L’avocate Gokcecicek Ayata de la Plateforme des femmes pour l’égalité (ESİK) souligne également que la Turquie ne peut abolir la convention que par décision parlementaire. Elle pense que le retrait de la Turquie de la Convention d’Istanbul a encouragé les auteurs masculins.

« Vous ne pouvez pas arrêter la violence contre les femmes en augmentant les peines pour les délinquants. Nous avons besoin d’une approche intégrée basée sur l’égalité des sexes », a déclaré Ayata à DW.

Le président Erdogan et d’éminentes personnalités conservatrices du gouvernement ont déclaré à plusieurs reprises qu’ils considéraient l’égalité des sexes comme contraire à la nature des hommes et des femmes et qu’ils étaient hostiles à l’idéologie féministe.

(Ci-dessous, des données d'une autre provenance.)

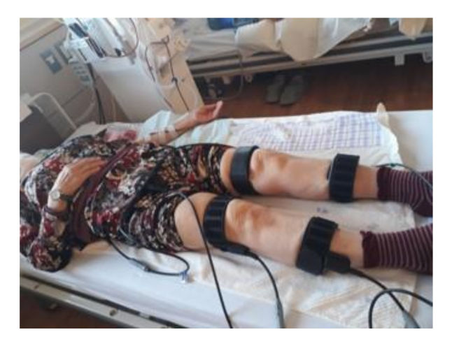
Figure 2. Application of the belt electrode-skeletal muscle electrical stimulation intervention. Patients were placed in the supine position. Five silicon–rubber electrode bands were applied to the patient's waist and bilateral thighs and ankles. Electrical muscle stimulation was administered for 40 min per day.

B-SES was performed using G-TES (Homer Ion Institute Co., Ltd., Tokyo, Japan), which is an electrical stimulator for general treatment (Figure 2). The stimulation was carried out in "Obsolete mode" (frequency: 20 Hz, on-off: 5 sec–2 sec, pulse width: 250 \mu s, output waveform: exponentially increasing wave) for 40 min per session, according to the median time reported in a previous study by Schardong et al. [14]. All other stimulation conditions were in accordance with a previous study by Suzuki et al. [17].
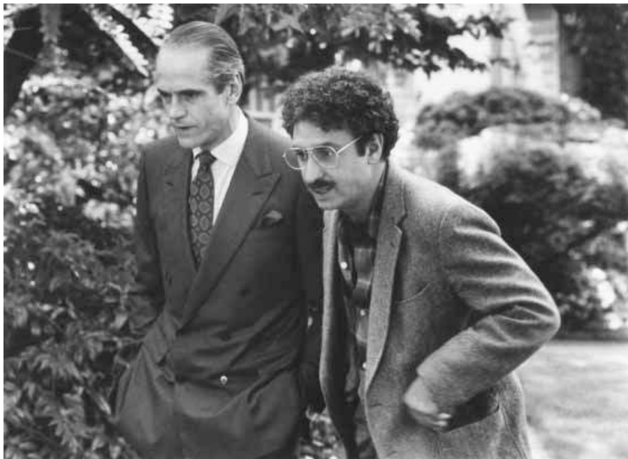
66. Reversal of Fortune : Dershowitz's patrician client looks more like a lawyer than he does. (Jeremy Irons, Ron Silver)

wife is replaced by his devoted son Elon (Stephen Mailer), his ex-lover Sarah (Annabella Sciorra), and his rowdy team of students-turned-colleagues, herded, in one of the few details borrowed from Dershowitz's book, into different rooms of his house according to their specific assignments. 2 When Dershowitz is on the telephone making still another argument on behalf of the Johnson brothers, Sarah's comment to Elon – "It's great when he's like this, huh? I only wish he had something left for the people around him" – simply confirms Dershowitz's own comfortable self-assessment: "My clients are the people I care about."
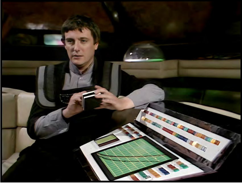
Figure II.4: Avon in "Duel" (S1E8)
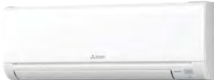
Indoor Unit: MSZ-GL09NA-U1
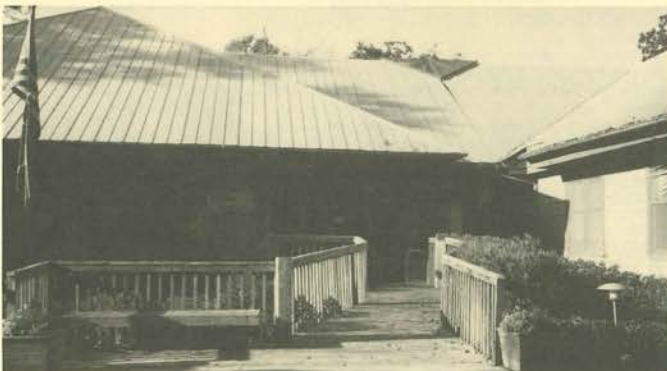
Entrance to the Cottages Conference Centre.

« Notre religion accorde une grande importance à la maternité. Les féministes ne comprennent pas cela, elles rejettent la maternité », a déclaré Erdogan en 2014.

Les militantes affirment également que le gouvernement fait de plus en plus pression sur les organisations de défense des droits des femmes et tente de les fermer.

Plus tôt ce mois-ci, les procureurs ont déposé une plainte contre la plateforme We Will Stop Femicide, qui fait campagne contre le meurtre et la maltraitance des femmes depuis sa création en 2010.

Le parquet d’Istanbul accuse le groupe « d’agir contre la loi et les valeurs morales ».

Le tribunal a reporté l’audience au 5 octobre.